## Provided data
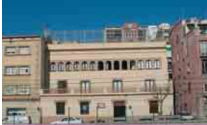
SAGRADA FAMÍLIA PRIVADA CONCERTADA

C/ M. Cinto Verdguer, 1 Telèfon: 93 555 04 07 - Fax: 93 555 12 28 col-safamasnou@xtec.cat www.xtec.cat/col-safamasnou Any d'inici de funcionament: 1914
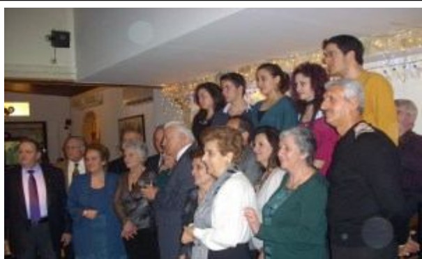
Μέλη του Συλλόγου με τους βραβευθέντες

Υπάρχουν ορισμένες «επετειακές» εκδηλώσεις ιδιαίτερα φορτισμένες από χαρά, συγκίνηση, ευχάριστη διάθεση, γιατί έτσι απλά μας ξαναγυρίζουν στα χρόνια των παιδικών μας αναμνήσεων. Και όσο αν φαίνεται υπερβολικό αρκούν μερικές στιγμές βαθιάς αναπόλησης για να γεμίσουν νοσταλγικά το όποιοδήποτε παρόν μας.
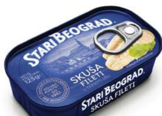
TGK SKUŠA FILETI 100G
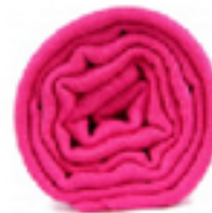
PASHMINA FLEAMBOIS L'écharpe rose fuchsia, délicate et efficace, bonne mine garanti. 49€
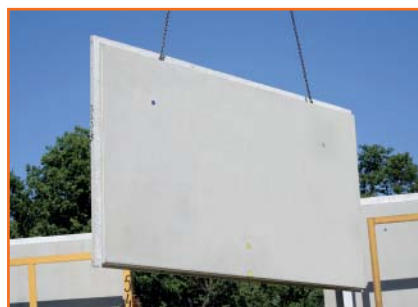
2. Montage der Wandbauteile in der Reihenfolge des Verlegeplans.
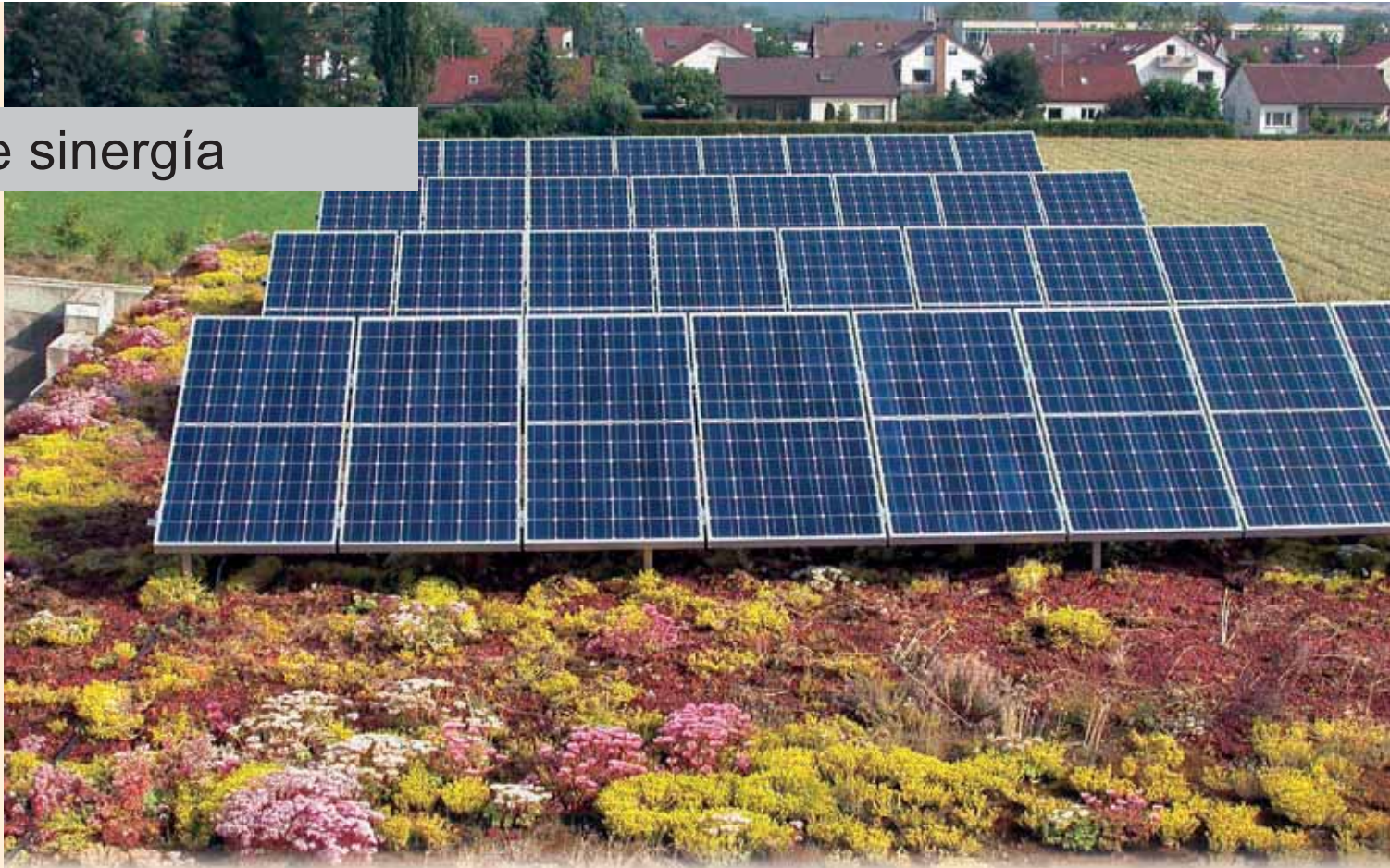
Cubierta de la empresa ProNatur en el municipio de Metzgingen, Alemania.
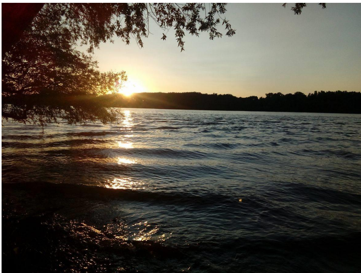
9. Kép: Naplemente dunaalmási táborunknál
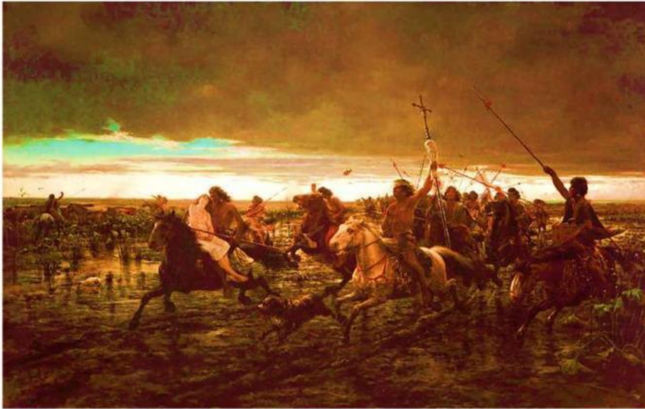
Valle, della Á. (1892). La vuelta del malón.

a. ¿Qué consecuencias de la conquista se desprenden de esta fuente?
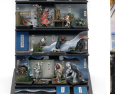
妖怪絵師の見た風景 八木 博顕 広島
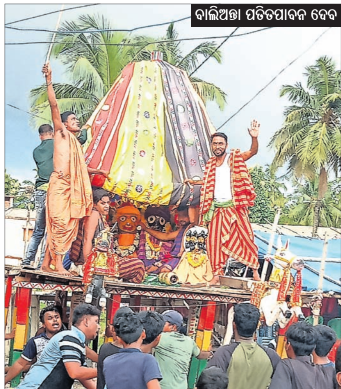
ବାଲିଅନ୍ତା ପତିତପାବନ ଦେବ

ବିଶ୍ୱପ୍ରସିଦ୍ଧ ଯୋଗଯାତ୍ରାର ବାହୁଡ଼ାଯାତ୍ରା ଉପଲକ୍ଷେ ସୋମବାର ରଘୁନାଥପୁରରୁ ମାଉସୀମା ମନ୍ଦିରକୁ ନନ୍ଦକାନନ ଛକସ୍ଥିତ ଜଗନ୍ନାଥ ମନ୍ଦିର ପର୍ଯ୍ୟନ୍ତ ସମସ୍ତ ରାତିନାତି ସହ ରଥଟଣା ସମ୍ପୂର୍ଣ୍ଣ ହୋଇ ସନ୍ଧ୍ୟାରେ ପହଞ୍ଚିଛି । ଭୋର ୫ଟା ୩୦ରେ ସୂର୍ଯ୍ୟପୂଜା, ୬ଟାରେ ଦ୍ୱାରପାଳ ପୂଜା, ସକାଳପୂର୍ଣ୍ଣ, ବଲ୍ଲଭ, ମଧ୍ୟାହ୍ନ ୧୨ଟାରେ ଖେଚୁଡ଼ି ଭୋଗ, ସାଢ଼େ ୩ଟାରେ ପହଞ୍ଚି, ୪ଟାରେ ଛେରା ପହରା, ସାଢ଼େ ୪ଟାରେ ଚାରମାଳ ପିଟା ଯାଇ ୫ଟାରେ ରଥଟଣା ଆରମ୍ଭ ହୋଇଥିଲା । ପରେ ଶହଶହ ଶ୍ରଦ୍ଧାଳୁ ନନ୍ଦକାନନ ପୁଖ୍ୟରାସ୍ତାରେ ରଥକୁ ଚାଣି ଚାଣି ନେଇଥିଲେ । ସେହିଭଳି ମୁଣ୍ଡଳି, ତଳଗଡ଼, ନରାଜ, ବ୍ରାହ୍ମଣୀଗାଁ, ମଧୁନ, ପୁଣ୍ଡୁହାଣ, କଣ୍ଠାପାଟଣା, ବେଞ୍ଚକାରପଡ଼ା, ପୁଲପାଟଣା, ପଦାସାହି ଆଦି ଗ୍ରାମରେ ବାହୁଡ଼ାଯାତ୍ରା ଶାନ୍ତିଶୁଖିଳାରେ ସହ ସରିଛି । କେତେକ ଗ୍ରାମରେ ବାଜା, ଘଣ୍ଟ, କାହାଳି, ସଂକୀର୍ତ୍ତନ ବିରାଟ ପଦ୍ମଆର ରଥ ଆଗରେ ଯାଉଥିବାବେଳେ ଶ୍ରଦ୍ଧାଳୁମାନେ ଡିପିଡିପି ବର୍ଷାକୁ ଖାତିର ନ କରି ରଥଚାଣିଥିଲେ ।

## Task details
Print the data above exactly; drop every picture.

## Answer section
SAGRADA FAMÍLIA PRIVADA CONCERTADA

C/ M. Cinto Verdguer, 1 Telèfon: 93 555 04 07 - Fax: 93 555 12 28 col-safamasnou@xtec.cat www.xtec.cat/col-safamasnou Any d'inici de funcionament: 1914
Μέλη του Συλλόγου με τους βραβευθέντες

Υπάρχουν ορισμένες «επετειακές» εκδηλώσεις ιδιαίτερα φορτισμένες από χαρά, συγκίνηση, ευχάριστη διάθεση, γιατί έτσι απλά μας ξαναγυρίζουν στα χρόνια των παιδικών μας αναμνήσεων. Και όσο αν φαίνεται υπερβολικό αρκούν μερικές στιγμές βαθιάς αναπόλησης για να γεμίσουν νοσταλγικά το όποιοδήποτε παρόν μας.
TGK SKUŠA FILETI 100G
PASHMINA FLEAMBOIS L'écharpe rose fuchsia, délicate et efficace, bonne mine garanti. 49€
2. Montage der Wandbauteile in der Reihenfolge des Verlegeplans.
Cubierta de la empresa ProNatur en el municipio de Metzgingen, Alemania.
9. Kép: Naplemente dunaalmási táborunknál
Valle, della Á. (1892). La vuelta del malón.

a. ¿Qué consecuencias de la conquista se desprenden de esta fuente?
妖怪絵師の見た風景 八木 博顕 広島
ବାଲିଅନ୍ତା ପତିତପାବନ ଦେବ

ବିଶ୍ୱପ୍ରସିଦ୍ଧ ଯୋଗଯାତ୍ରାର ବାହୁଡ଼ାଯାତ୍ରା ଉପଲକ୍ଷେ ସୋମବାର ରଘୁନାଥପୁରରୁ ମାଉସୀମା ମନ୍ଦିରକୁ ନନ୍ଦକାନନ ଛକସ୍ଥିତ ଜଗନ୍ନାଥ ମନ୍ଦିର ପର୍ଯ୍ୟନ୍ତ ସମସ୍ତ ରାତିନାତି ସହ ରଥଟଣା ସମ୍ପୂର୍ଣ୍ଣ ହୋଇ ସନ୍ଧ୍ୟାରେ ପହଞ୍ଚିଛି । ଭୋର ୫ଟା ୩୦ରେ ସୂର୍ଯ୍ୟପୂଜା, ୬ଟାରେ ଦ୍ୱାରପାଳ ପୂଜା, ସକାଳପୂର୍ଣ୍ଣ, ବଲ୍ଲଭ, ମଧ୍ୟାହ୍ନ ୧୨ଟାରେ ଖେଚୁଡ଼ି ଭୋଗ, ସାଢ଼େ ୩ଟାରେ ପହଞ୍ଚି, ୪ଟାରେ ଛେରା ପହରା, ସାଢ଼େ ୪ଟାରେ ଚାରମାଳ ପିଟା ଯାଇ ୫ଟାରେ ରଥଟଣା ଆରମ୍ଭ ହୋଇଥିଲା । ପରେ ଶହଶହ ଶ୍ରଦ୍ଧାଳୁ ନନ୍ଦକାନନ ପୁଖ୍ୟରାସ୍ତାରେ ରଥକୁ ଚାଣି ଚାଣି ନେଇଥିଲେ । ସେହିଭଳି ମୁଣ୍ଡଳି, ତଳଗଡ଼, ନରାଜ, ବ୍ରାହ୍ମଣୀଗାଁ, ମଧୁନ, ପୁଣ୍ଡୁହାଣ, କଣ୍ଠାପାଟଣା, ବେଞ୍ଚକାରପଡ଼ା, ପୁଲପାଟଣା, ପଦାସାହି ଆଦି ଗ୍ରାମରେ ବାହୁଡ଼ାଯାତ୍ରା ଶାନ୍ତିଶୁଖିଳାରେ ସହ ସରିଛି । କେତେକ ଗ୍ରାମରେ ବାଜା, ଘଣ୍ଟ, କାହାଳି, ସଂକୀର୍ତ୍ତନ ବିରାଟ ପଦ୍ମଆର ରଥ ଆଗରେ ଯାଉଥିବାବେଳେ ଶ୍ରଦ୍ଧାଳୁମାନେ ଡିପିଡିପି ବର୍ଷାକୁ ଖାତିର ନ କରି ରଥଚାଣିଥିଲେ ।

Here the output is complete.